На стук и крики никто долго не выходил. Он успел отбить о ворота кулаки, с тоской оглядываясь в ту сторону, откуда приехал. Голова приближающегося отряда уже хорошо была видна отсюда. Если ему не удастся проникнуть в крепость до подхода казаков, не миновать ему сорокоумовской плетки.
Наконец высокий лохматый казак с русой свалявшейся бородой, в драном красном кафтане, бессмысленно улыбаясь, распахнул ворота.
— Чего орешь, дура? — лениво прогудел он, уставя на Семейку заспанные глаза. Потом сонную одурь с него словно рукой сняло. В серых глазах его отразилось удивление. — Вот те на! А человек-то не наш! Откель ты тaкой тут выскочил?
— Ниоткель я не выскочил, чучело ты немытое! — рассердился Семейка. — Глянь туда! Видишь, сколько народу прет? То казаки идут вам на смену. А начальником у нас Сорокоумов. Заместо вашего Поротова теперь будет.
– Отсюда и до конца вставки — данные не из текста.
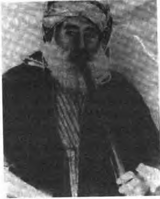
حه ماغای کۆیه

یه کیک له پیاو ماقولان و گه و ره پیاوو ده و له مه نده ده ست و دل ئاوا لاکانی شاری کۆیه یه، که به نا نخۆشی و میوانکر و پیاوه تی زۆر به ناوبانگ بووه و ئیستاش هه ر له بیـر نه چۆته وه بو هه مو خه لکی هه ریمه که بو ته و یردی زمان و مه ته ل له کورده واری دا.
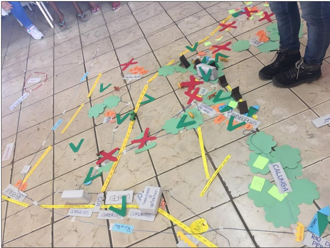
Figura 9 - Mapa Falado OPP 04 - Barreiro
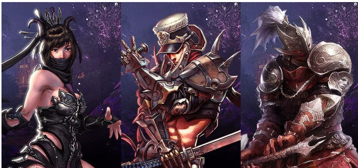
（左から）タオイスト、シャドウ、バーサーカー

今回のアップデートでは、「タオイスト（アービター）」「シャドウ（クロウ）」「バーサーカー（ブラッドテイカー）」のバランス調整を実施いたしました。
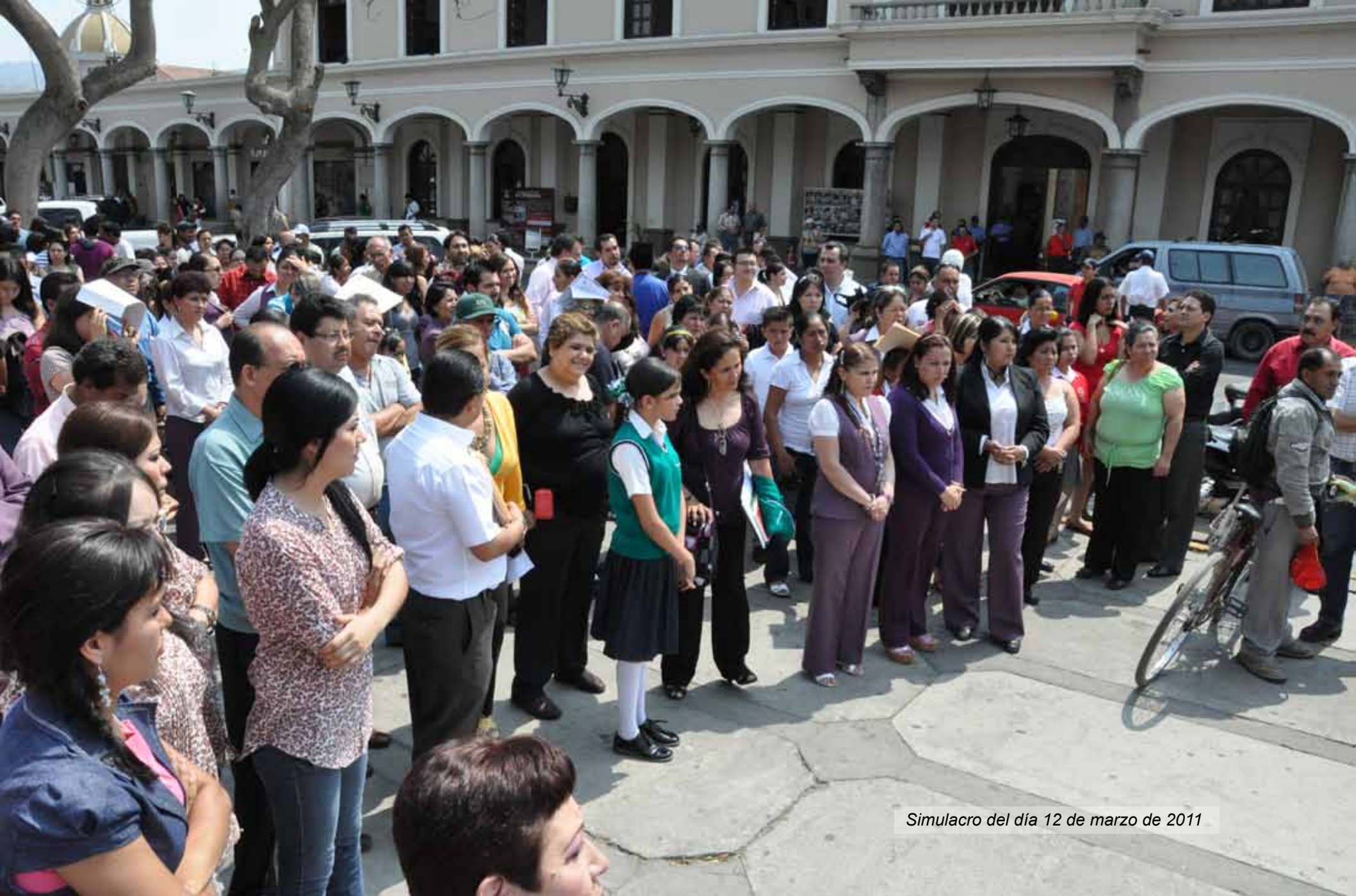
Simulacro del día 12 de marzo de 2011
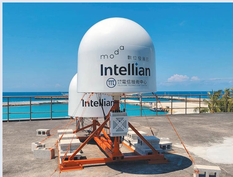
▲南沙太平島所開通的「中軌衛星 SES mPower」系統，就是「應變或戰時應用新興科技強化通訊網路數位韌性驗證計畫」的關鍵一環。

數位部所推動的這項計畫，目前委由財團法人電信技術中心（TTC）執行。依照契約，預計今年底前，完成 700 個非同步衛星終端設備站點、70 個基地臺衛星後傳鏈路站點、國外 3 個非同步軌道衛星終端設備站點，共計 773 個點位，建立我國專有之非同步軌道衛星應變網路。至於產業支持部分，中華電信理當成為領頭羊，率先與國際洽談高、中、低軌衛星合作，除了砸下新臺幣 70 億元，與新加坡電信擴大合作，共同投資發射衛星，也順利與英國戰略企業、擁有 6 百餘顆低軌衛星的 Eutelsat Oneweb 簽

Он у нас мужик такой — не глядючи, сорок умов в заднюю часть плеткой вгоняет таким, как ты, чурбанам неотесанным.
— Батюшки светы! Владычица троеручица! — дурашливым испугом закрестился казак, глядя на Семейку смеющимися глазами. — Ты уж, ежели что, заступись за меня, добрый человек.
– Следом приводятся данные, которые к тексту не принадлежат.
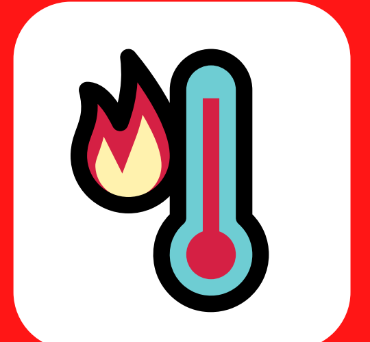
Halijoto ya juu ya mwili
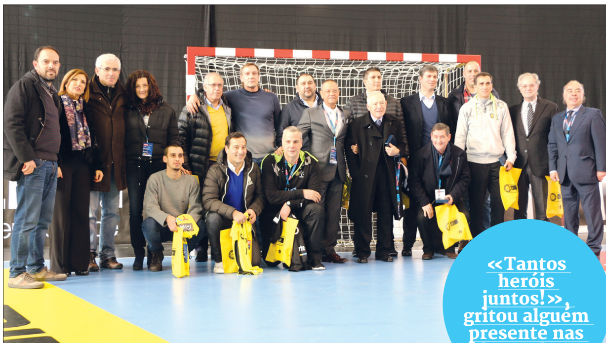
Alguns dos elementos que fizeram parte do "dream team" de 1993/1994

«Tantos heróis juntos!», gritou alguém presente nas bancadas.
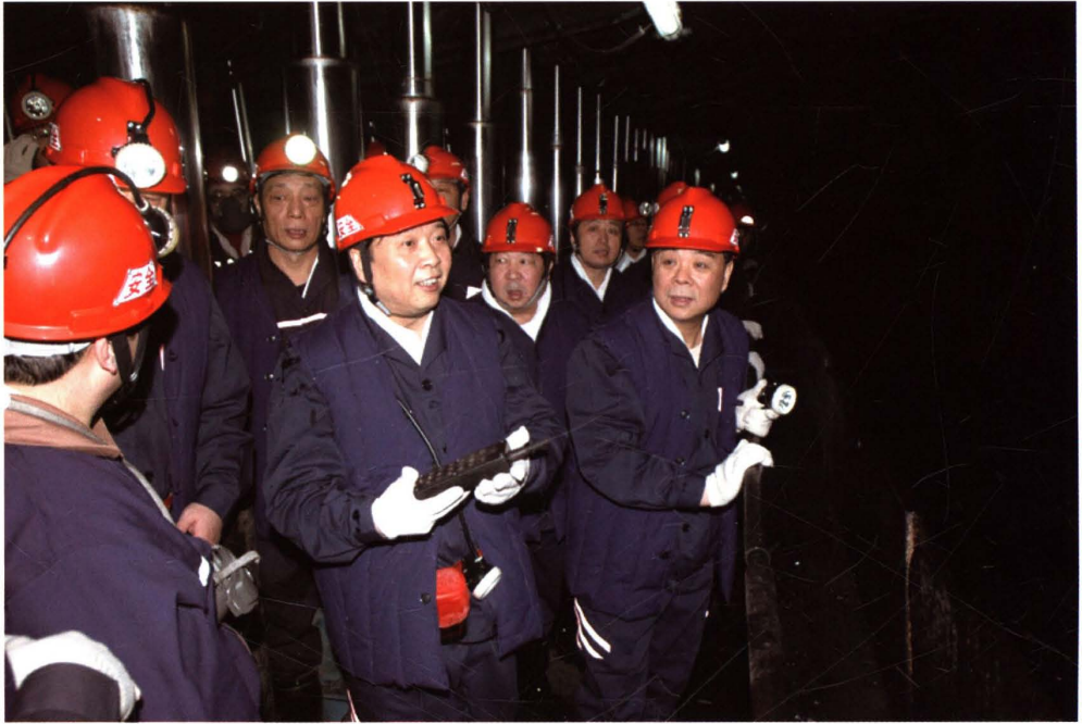
2008年2月6日，山东省省长姜大明(中)到矿井下视察工作。山东省委、济宁市委、集团公司董事局领导及矿长、党委书记陪同下井。

— А чего ж, может, и впрямь придется за тебя заступиться, — смущенно пообещал Семейка. — Я за толмача при Сорокоумове. Как тебя звать-величать-то?
— Мята я. Со всех сторон мятый. Мят левый бок, мят правый бок, а только на мне все, как на кошке, вмиг заживает.
— А чего это, Мята, у вас в крепости такой шум и гам? Уж не гульба ли идет?
— Гульба и есть, — подтвердил Мята, скребя пятерней за пазухой и переступая босыми ногами. — Браги наварили вволю, закуски в реке плавает сколько хошь. Чего ж и не погулять, коль праздник настал христианский.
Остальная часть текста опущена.